Freilich setzt die Anerkennung des Sonderbedarfs den Nachweis eines wirklichen Bedarfs voraus. Der entgegenstehenden Meinung des Verwaltungsgerichts kann insoweit nicht gefolgt werden.
Die Anerkennung eines Pflege-Freibetrages führt nicht notwendig zu einer doppelten Befriedigung des Pflegebedarfs.
Schon bei der Unterhaltshilfe wirkt sich der Freibetrag nur dann in vollem Umfange leistungserhöhend aus, wenn der Empfänger der Leistung neben der Unterhaltshilfe anderweitiges Einkommen hat, das mindestens die Höhe des Freibetrages erreicht. Hierauf kommt es aber entscheidend nicht an. Die Anerkennung eines Freibetrages ist nicht mit der Leistung einer Pflegezulage gleichzustellen, sondern bedeutet lediglich Nichtanrechnung eigenen Einkommens. Erfolgt die Nichtanrechnung eigenen Einkommens sowohl bei der Unterhaltshilfe als auch bei der Ausbildungshilfe, so erhält der Betroffene demnach keineswegs eine Doppelleistung. Vielmehr wird lediglich seinem Bedarf allseitig Rechnung getragen. Würde die Berücksichtigung des Sonderbedarfs zwar bei der Unterhaltshilfe, nicht aber bei der Ausbildungshilfe erfolgen, so würde der Sonderbedarf tatsächlich überhaupt nicht berücksichtigt; denn der Betroffene müßte das, was ihm bei der Unterhaltshilfe belassen würde, bei der Ausbildungshilfe wieder einsetzen.

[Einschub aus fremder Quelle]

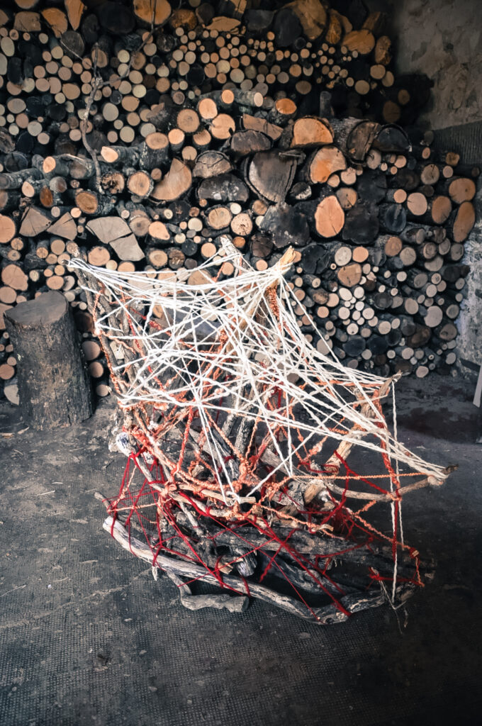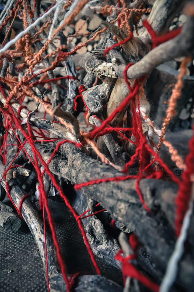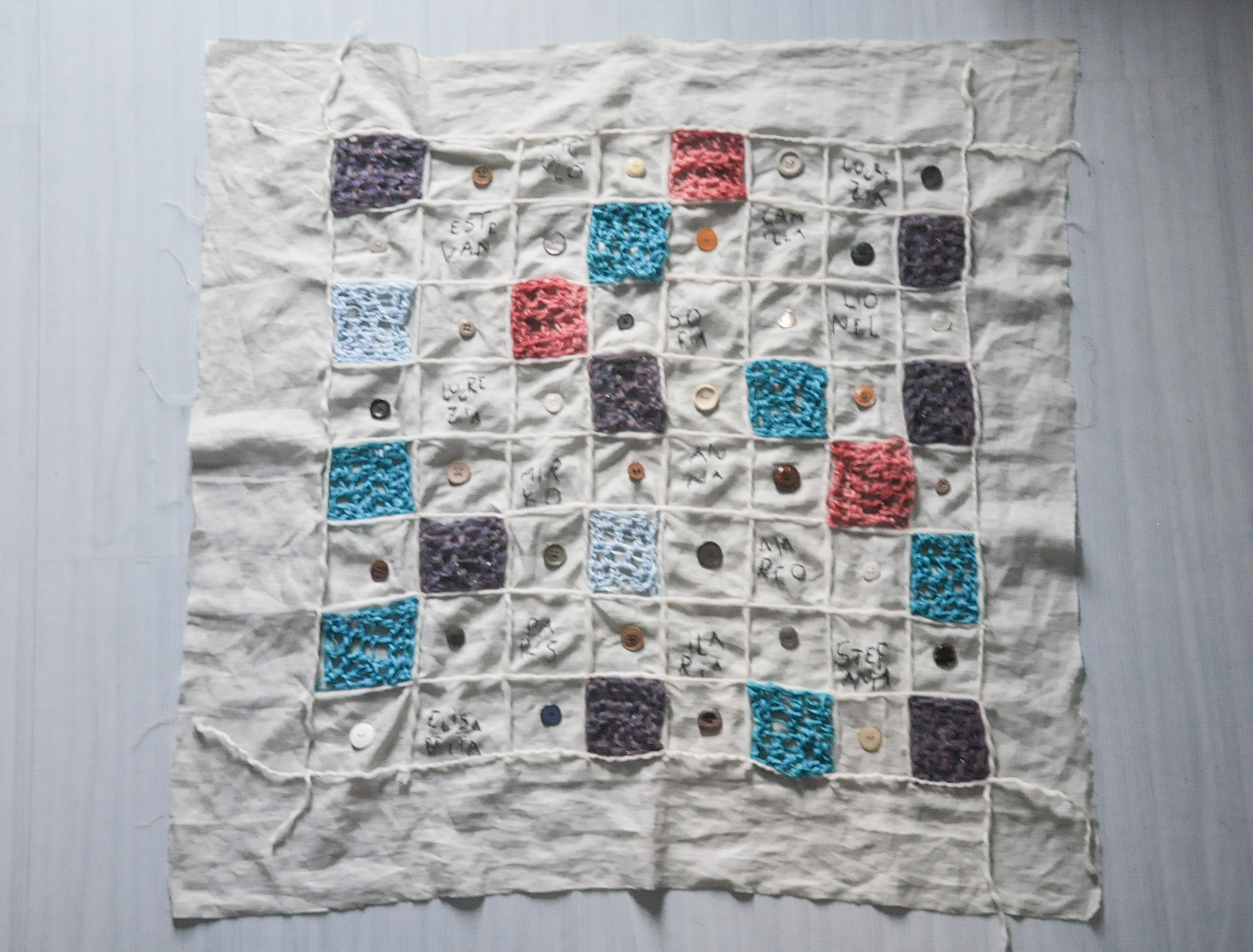 L’opera è stata realizzata durante la residenza artistica “Silente” ispirandosi al gioco che per eccellenza viene svolto in silenzio, quello degli scacchi. Bottoni, ricami e lavoro all’uncinetto si combinano diventando una scacchiera con i nomi di tutti i partecipanti all’esperienza.

Ist sonach die Berücksichtigung eines Sonderbedarfs sowohl bei der Unterhaltshilfe als auch bei der Ausbildungshilfe möglich, so kommt es, wie die Klägerin richtig erkannt hat, lediglich darauf an, ob die Vorschriften über die Ausbildungshilfe ebenso wie die Vorschriften über die Unterhaltshilfe eine abstrakte Bedarfsberechnung zulassen. Das ist schon nach dem Wortlaut der Nr. 13 Abs. 2 Buchst. b der DB-Ausbildungshilfe nicht möglich.
Ungeachtet dessen entspricht es zwar der Lebenserfahrung, daß pflegebedürftige Personen tatsächlich Mehraufwendungen haben. Indessen erscheint es bedenklich, die Lebenserfahrung auch insoweit heranzuziehen, als es sich um die Höhe des Mehrbedarfs handelt. Der Rückgriff auf die Regelung des Freibetrages in § 267 LAG ist deshalb rechtlich unzutreffend. Unter diesen Umständen hätte das Verwaltungsgericht den Mehrbedarf der Klägerin in seiner tatsächlichen Höhe zunächst feststellen müssen. Erst wenn sich insoweit keine tatsächlichen Feststellungen hätten treffen lassen, wäre es zulässig gewesen, die Höhe der Mehrkosten notfalls zu schätzen. Die Klägerin hat aber selbst auf kostensteigernde Faktoren hingewiesen, und das angefochtene Urteil enthält keinen Hinweis darauf, daß der Mehrbedarf der Klägerin nicht anders als durch Schätzung hätte ermittelt werden können.
Nach alledem muß die Sache zurückverwiesen werden.
Der Wert des Streitgegenstandes wird für das Revisionsverfahren auf 400 DM festgesetzt.